**To do**
Starting with the line that has "Zum Thema: Ich" in the records below and stopping after the line that has "小贴士:【藏宝令】用于在藏宝洞副本中兑换高额的奖励。", output every line exactly and nothing else; skip pictures.

**The data**
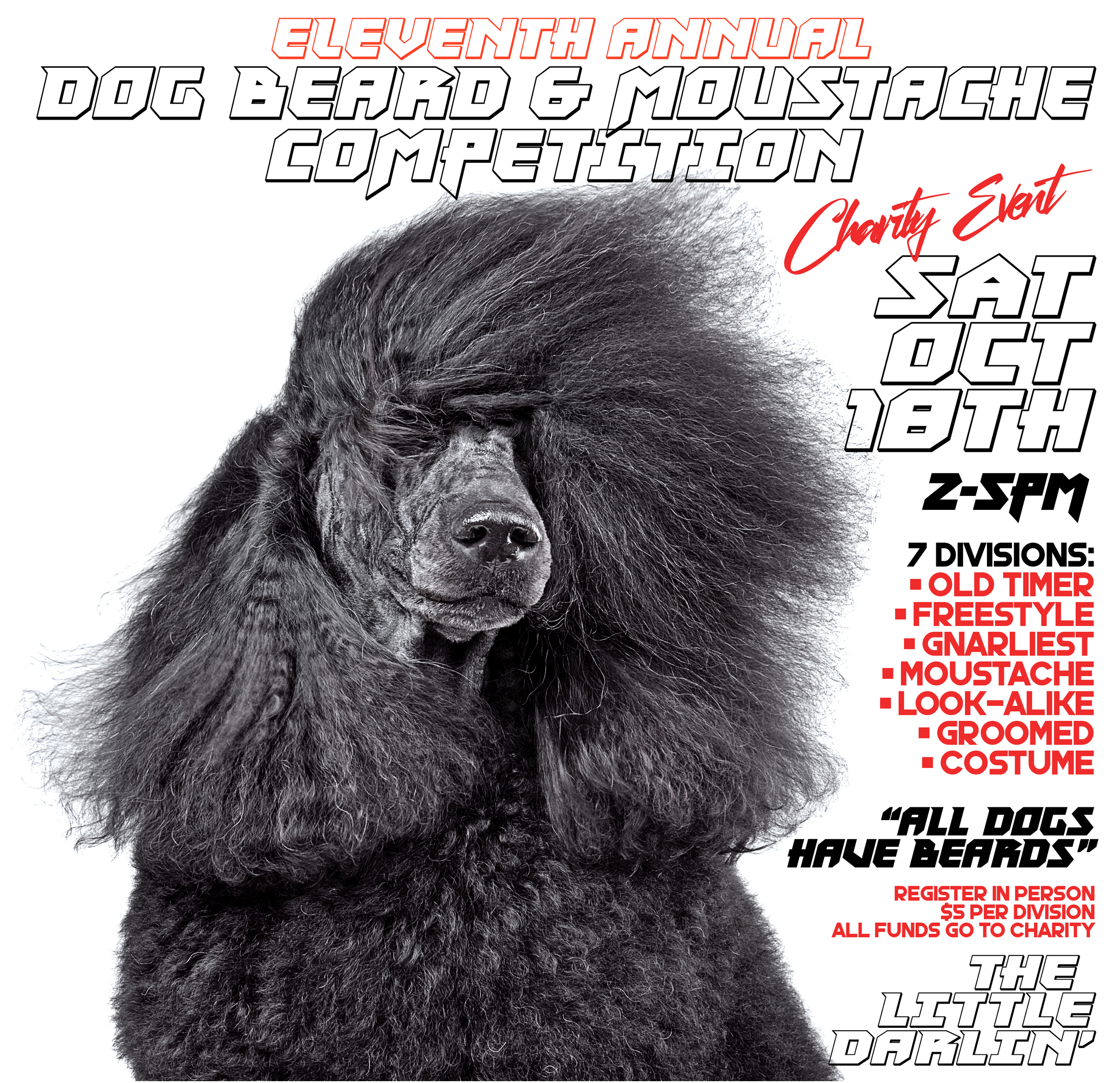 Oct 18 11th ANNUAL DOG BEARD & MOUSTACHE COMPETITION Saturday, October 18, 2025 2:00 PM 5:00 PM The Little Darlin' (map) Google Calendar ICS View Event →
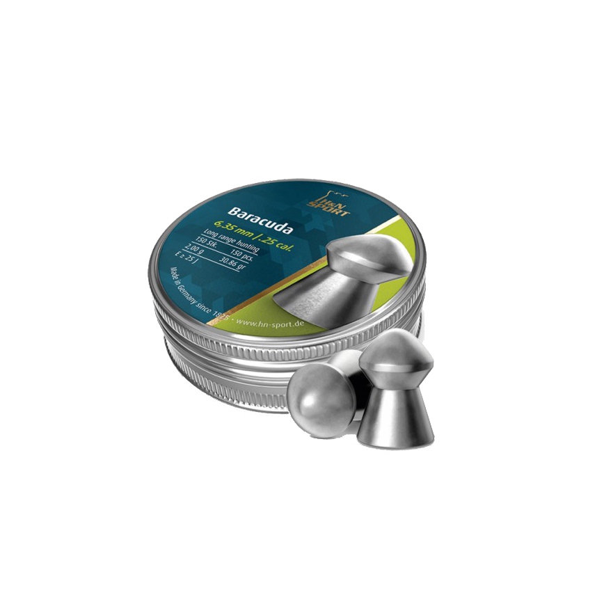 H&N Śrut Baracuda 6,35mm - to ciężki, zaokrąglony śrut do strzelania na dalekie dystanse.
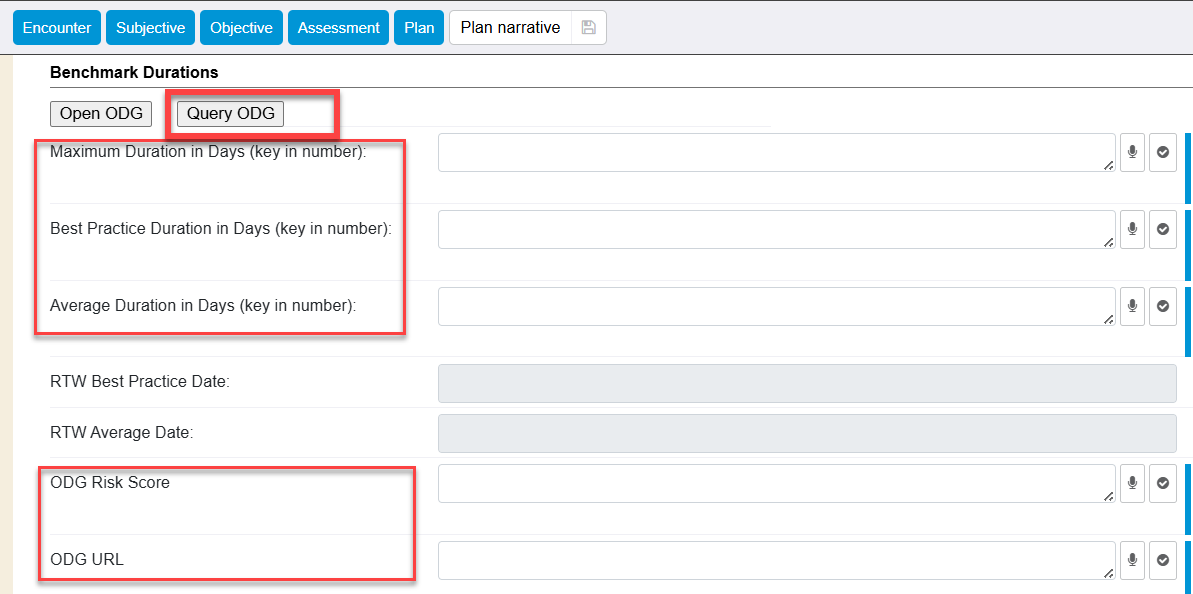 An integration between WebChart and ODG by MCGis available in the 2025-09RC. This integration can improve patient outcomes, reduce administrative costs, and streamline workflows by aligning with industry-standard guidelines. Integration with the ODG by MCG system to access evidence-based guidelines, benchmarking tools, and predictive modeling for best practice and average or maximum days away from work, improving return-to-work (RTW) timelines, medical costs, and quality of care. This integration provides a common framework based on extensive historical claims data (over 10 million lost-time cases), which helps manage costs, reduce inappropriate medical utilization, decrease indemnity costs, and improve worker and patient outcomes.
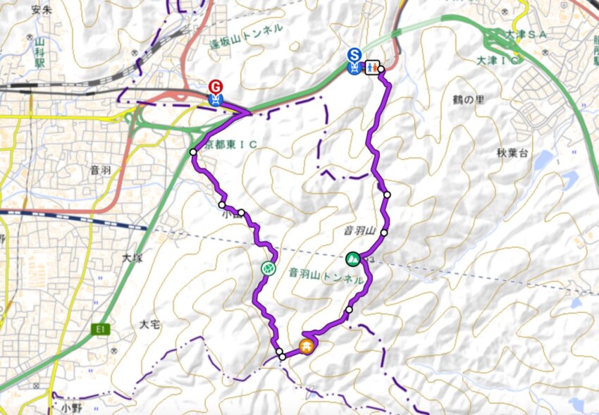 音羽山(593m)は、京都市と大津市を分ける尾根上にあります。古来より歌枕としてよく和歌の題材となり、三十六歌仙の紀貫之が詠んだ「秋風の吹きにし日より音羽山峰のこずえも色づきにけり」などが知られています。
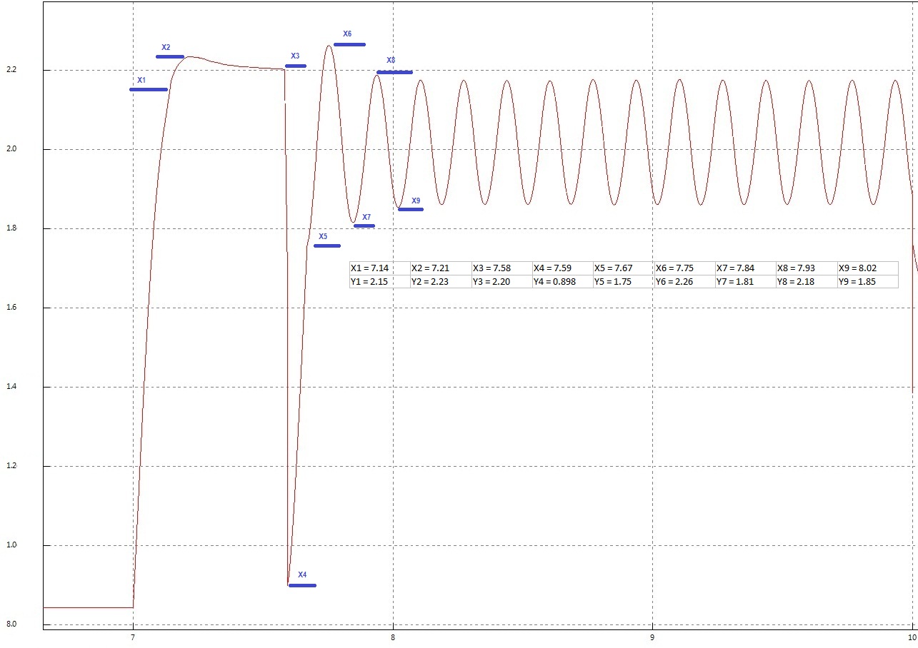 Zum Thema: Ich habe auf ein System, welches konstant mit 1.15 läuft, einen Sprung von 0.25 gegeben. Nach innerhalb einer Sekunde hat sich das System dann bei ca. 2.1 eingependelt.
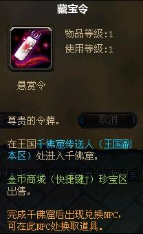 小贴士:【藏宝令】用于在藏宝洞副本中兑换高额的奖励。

--

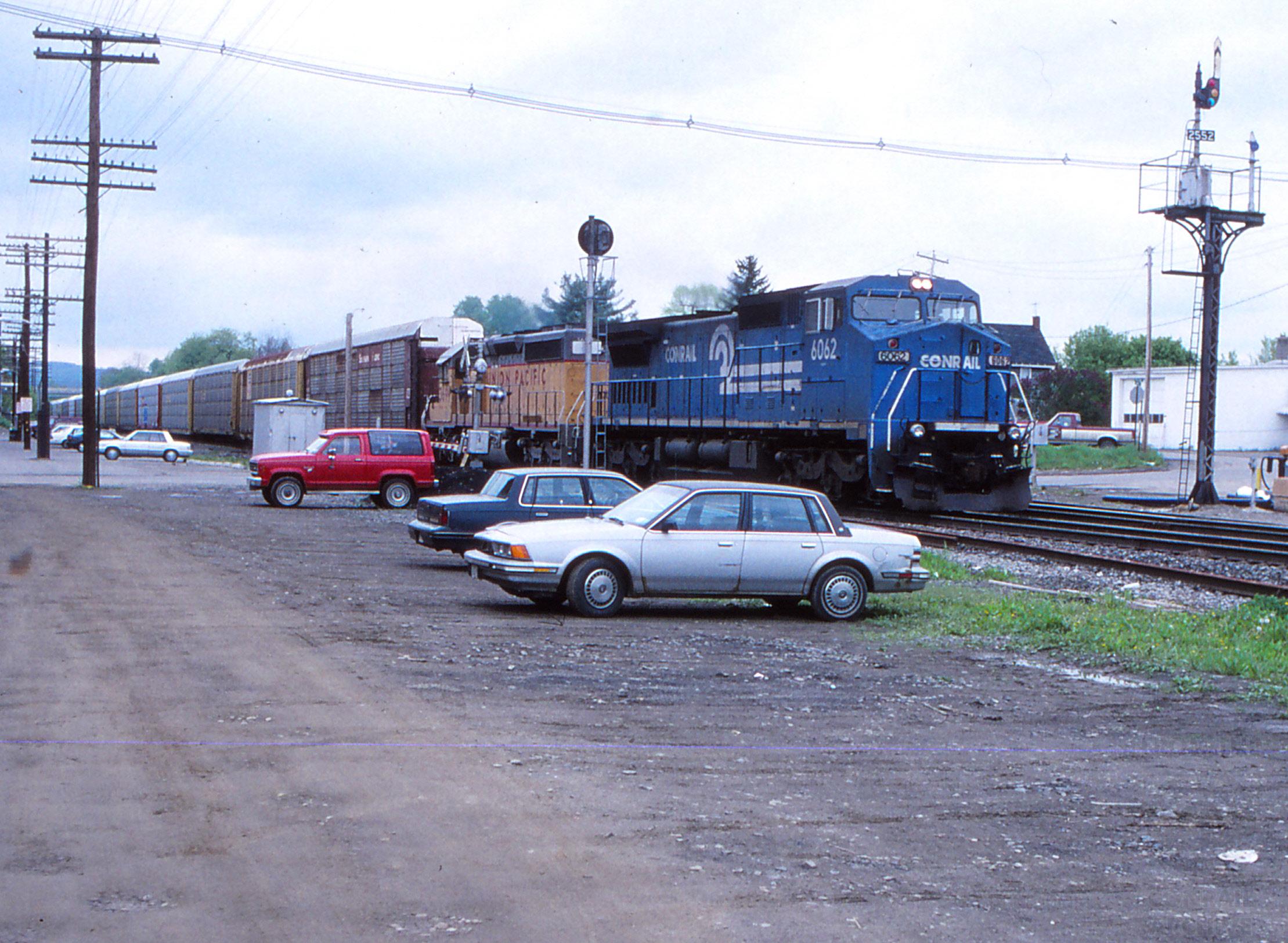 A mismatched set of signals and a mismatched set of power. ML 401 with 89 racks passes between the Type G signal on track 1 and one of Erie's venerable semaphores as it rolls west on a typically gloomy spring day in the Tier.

==

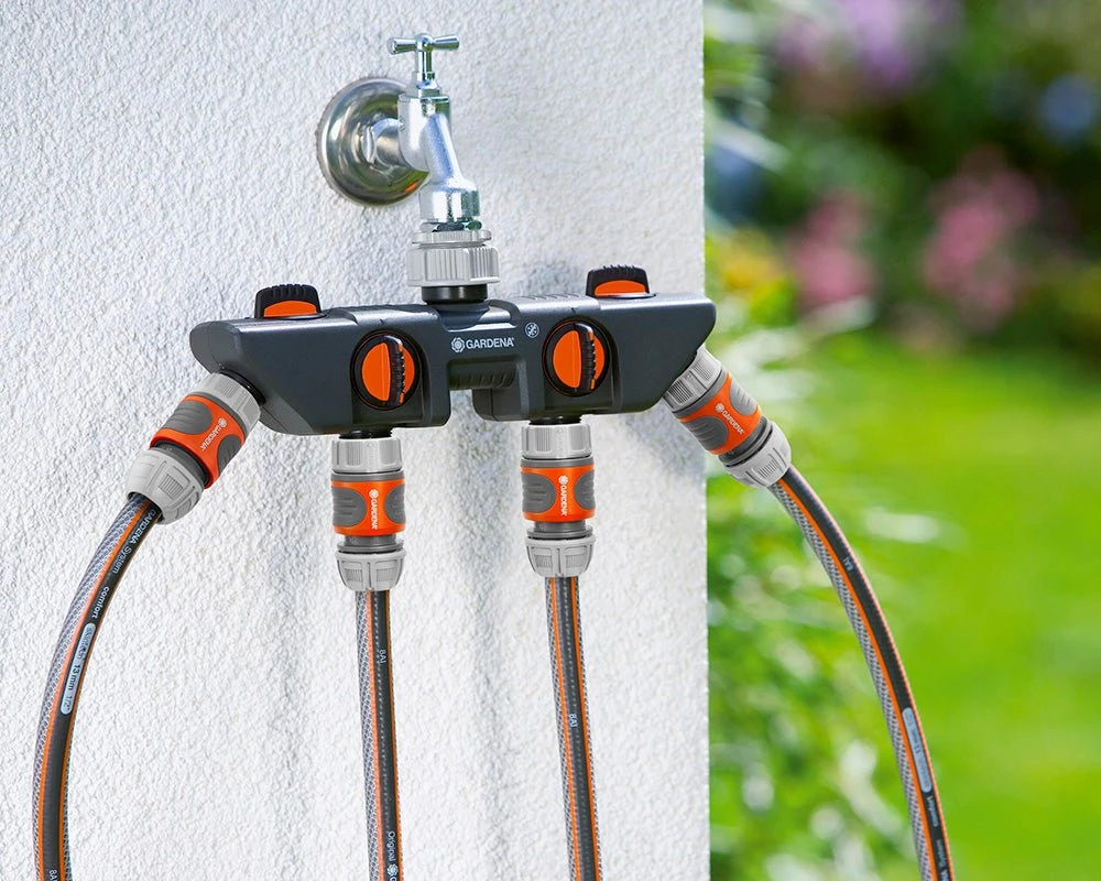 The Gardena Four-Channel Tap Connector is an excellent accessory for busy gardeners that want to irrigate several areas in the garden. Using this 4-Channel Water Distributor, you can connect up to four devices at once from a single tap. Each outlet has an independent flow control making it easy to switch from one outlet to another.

**Response for this exercise**
 Zum Thema: Ich habe auf ein System, welches konstant mit 1.15 läuft, einen Sprung von 0.25 gegeben. Nach innerhalb einer Sekunde hat sich das System dann bei ca. 2.1 eingependelt.
 小贴士:【藏宝令】用于在藏宝洞副本中兑换高额的奖励。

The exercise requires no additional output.